Mathew is simultaneously building a network of vetted and trusted CSOs that the schools, households and companies can donate to. The CSOs, in turn, ask their existing donor and supporter base to give their waste to Paperman kabadiwallahs. This creates a sustained source of income for the CSO while also growing Mathew’s customer base.

Over the last two years, Mathew has reached 200 schools, 500 households and 4 multi-national companies, through his network of 120 kabadiwallahs, and partnered with four CSOs. Mathew has raised INR 400,000 (US$ 8000) for these CSOs through his programs. The income of the kabadiwallahs have increased by INR 5000 (US$ 100) a month, which is a doubling of their income. While continuing to grow this network, Mathew is now creating an alternative crowd-funding platform for non-profits, where instead of donating money, citizens donate their waste to kabadiwallahs. The money from the sale of this waste will be donated to a CSO of their choosing from the website. With this platform Mathew is realizing his vision for creating an alternate economy of waste.

The Person

Mathew grew up in a family of entrepreneurs in the plywood business and was expected to join the family business. However, while studying some of India’s most successful businesses such as the Tata and Birla Corporations during his graduation, he noticed how these businesses were either exploiting people at the bottom of the pyramid or the environment. Disillusioned with conventional business, Mathew decided against business school. Instead he explored the social enterprise sector that sought to achieve triple bottom line impact. To learn more about the social entrepreneurial space, Mathew started working with Ashoka fellow, M. Nirmal, in his waste management organization, ExNora.
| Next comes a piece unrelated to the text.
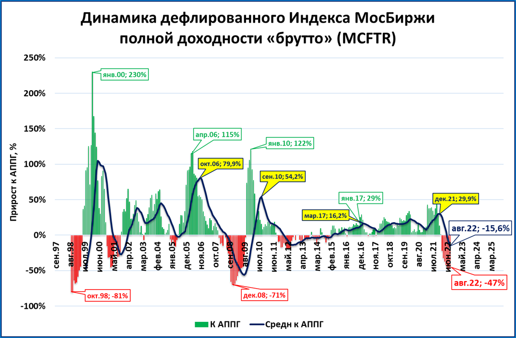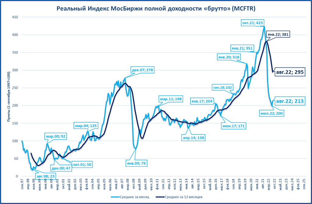 Если учесть дивиденды, выплачиваемые по акциям, а также учесть инфляцию, то по итогам июля такой “реальный индекс полной доходности” Мосбиржи составит 213 пунктов (сентябрь 1997 = 100).
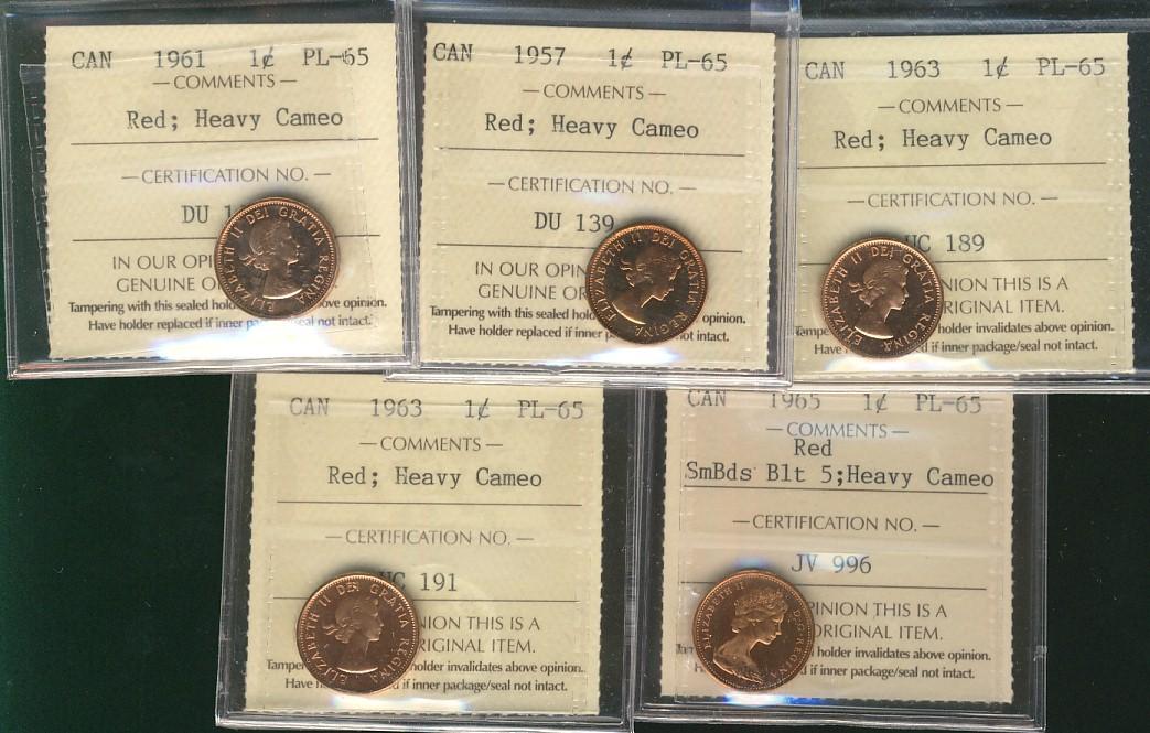 1957, 1961, 1963(2) & 1965 SmBds Blt 1¢ ICCS PL65 Heavy Cameo. Lot of 5 coins.

At ExNora, Mathew was part of global warming initiatives, waste management projects and awareness programs. However, the lack of measurable impact through such programs left him thinking. He understood why most people, including himself, did not think of climate change as a critical issue and why they didn’t change their lifestyles to more eco-friendly ones: the issue was too large and invisibled for them to relate to;they could not see the measurable impact of their actions.

During his work at ExNora, Mathew also got the opportunity to closely observe the daily routine of a kabadiwallah. He saw how the local paperman quietly goes about his job and makes a measurable impact in the society on a daily basis, by recycling 4 tonnes of waste every month. Mathew travelled around the city finding and profiling kabadiwallahs, calculating the carbon credits they had earned over their lifetime of work and publicly recognizing them as local heroes on his blog.

Seeing opportunity in working with them to build a culture of recycling, Mathew decided to start his own organization, Paperman, in 2010 at the age of 22 years, to get people excited about waste management by showing them a measurable impact of recycling their waste in a new way.